Fidelity () is a 2019 Russian erotic drama film directed by Nigina Sayfullaeva, and starring Yevgenia Gromova, Aleksandr Pal, Marina Vasileva and Alexey Agranovich.

Plot
Lena is a 30 years old obstetrician-gynecologist. Her life is good, as her colleagues admire her and grateful patients express their gratitude to her. Her personal life is also without incident. Sergei, her caring husband, works as an actor in a drama theater and does not interfere in her affairs. But Lena suddenly notices significant changes in his conduct. An important aspect of their life is that they are not sexually active.
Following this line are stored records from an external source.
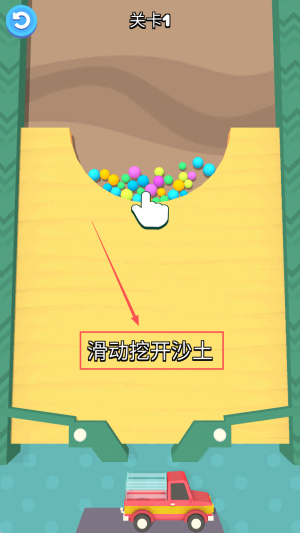 看到提示「滑动挖开沙土」后,按住屏幕拖动以开辟通道,使角色顺着斜坡滑落。
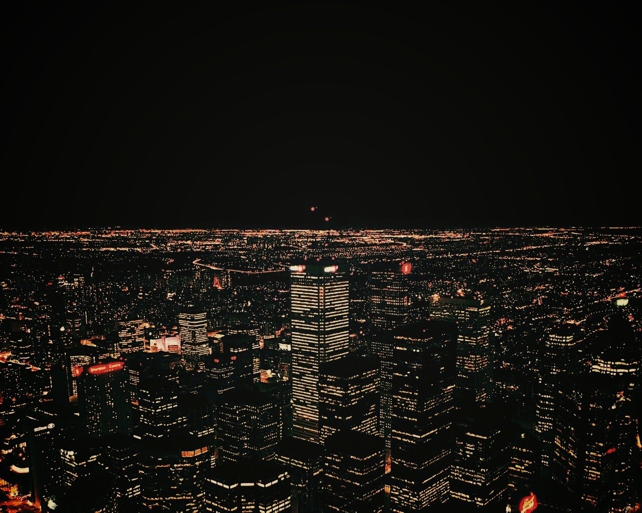 Обои для рабочего стола «Вид на здания ночного города» 1280х1024 с фильтром earlybird (оригинал 2560х1600)
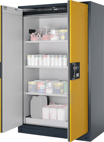 Hinweis: Zur sicheren Lagerung von Gefahrstoffen in Arbeitsräumen gemäß DIN EN 14470-1 und TRGS 510.
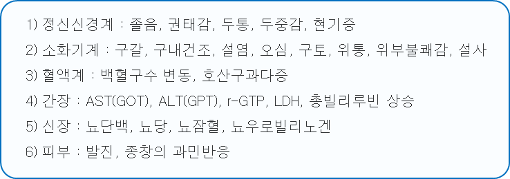 - A를 복용할 시 다음과 같은 부작용이 발생할 수 있으니 주의하시길 바랍니다.
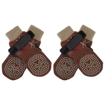 Unique Bargains Non-Slip Dog Socks with Reflective Adjustable Tapes Brown 4 Pcs - 1 of 4
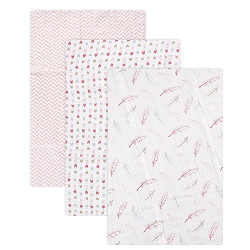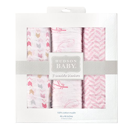 • Hudson Baby Muslin Swaddle Blankets, Pink Feathers
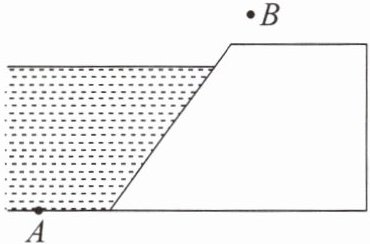 7. 诗句“潭清疑水浅”告诉我们,清澈见底的池底看起来很浅,但实际可能很深,所以不要贸然下水。请在图中作出人眼在$B处看到池底A$点的大致光路图。
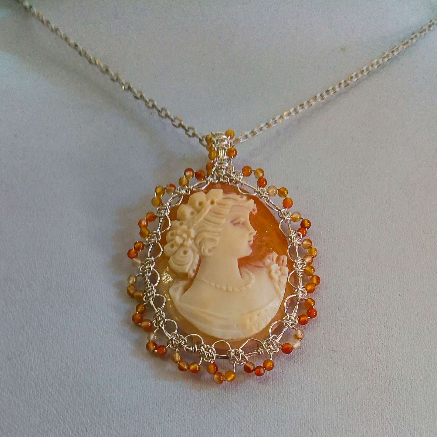 DIMENSIONE E FORMA GEMMA: Cammeo a forma di ellisse di 40*30mm, con sfere millimetriche di corniola.
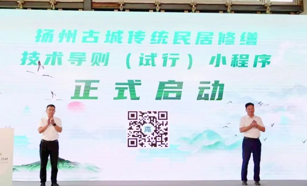 活动中,通过城市更新宣传视频和多样的研学路线的发布,嘉宾直观地感受到了扬州古城的新变化与新活力。随后,现场正式发布古城传统民居修缮技术导则小程序(试行版)为古城的修缮提供了科学规范的指导。
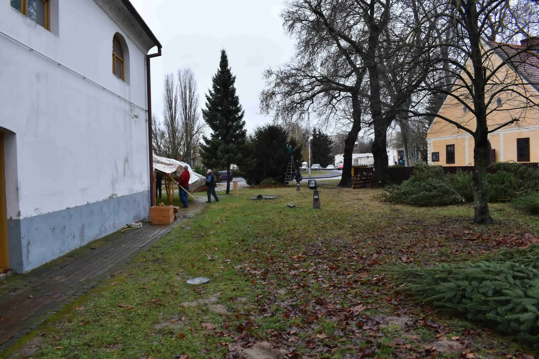 Ezalatt a templomban is helyükre kerültek a fenyőfák és a kültéri díszkivilágítás is elkészült. Az idei esztendőben a jól összeszokott csapat mellett újabb segítők érkeztek, köztük fiatal gyermekek is. A templomi díszítést az imaköri tagok végezték.
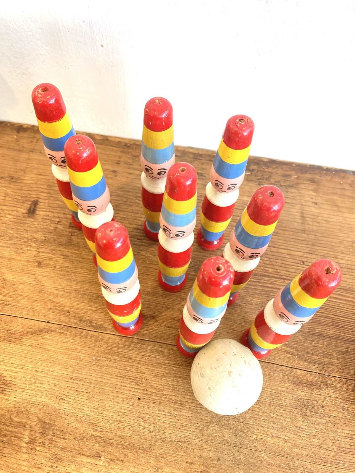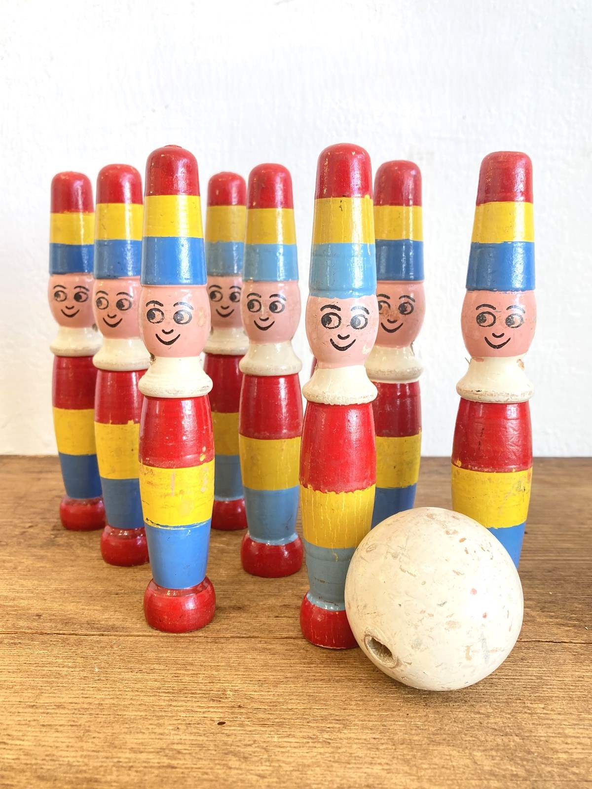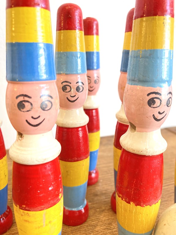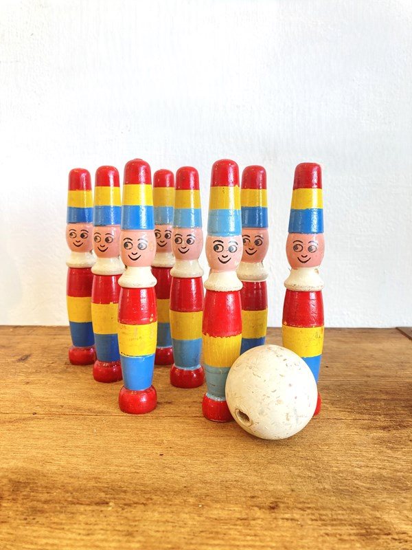 We've got a real soft spot for vintage toys and skittles in particular - they're so decorative and fun! This is a vintage set of 9 pins with the original ball are modelled as very happy clowns - perfect for a nursery or playroom.

Lena now believes her husband is cheating on her after reading a text message from Katya, Sergei's co-actor. She refuses to tolerate this and, in retaliation, cheats with an unknown man. Unexpectedly, a new universe opens up for her, full of passion and amazing feelings, which she uses to express her emotional state. Constant treachery, on the other hand, is becoming an inextricable aspect of her double life. She is portrayed as a woman in an unfulfilling marriage, who begins an uncontrollable double life of adulterous affairs.

Cast 
 Yevgenia Gromova as Lena
 Aleksandr Pal as Sergei
 Marina Vasileva as Katya
 Alexey Agranovich as Ivan
 Pavel Vorozhtsov as Vadim
 Anna Kotova as Nikiforova, Vadim's wife
 Anastasiya Denisova as Polina

Release 
"Fidelity" was shown at the 30th Open Russian Film Festival as part of the "Main Competition Program", where it received a "Special Jury Diploma" with the words "for the boundless faith of the actors in the director."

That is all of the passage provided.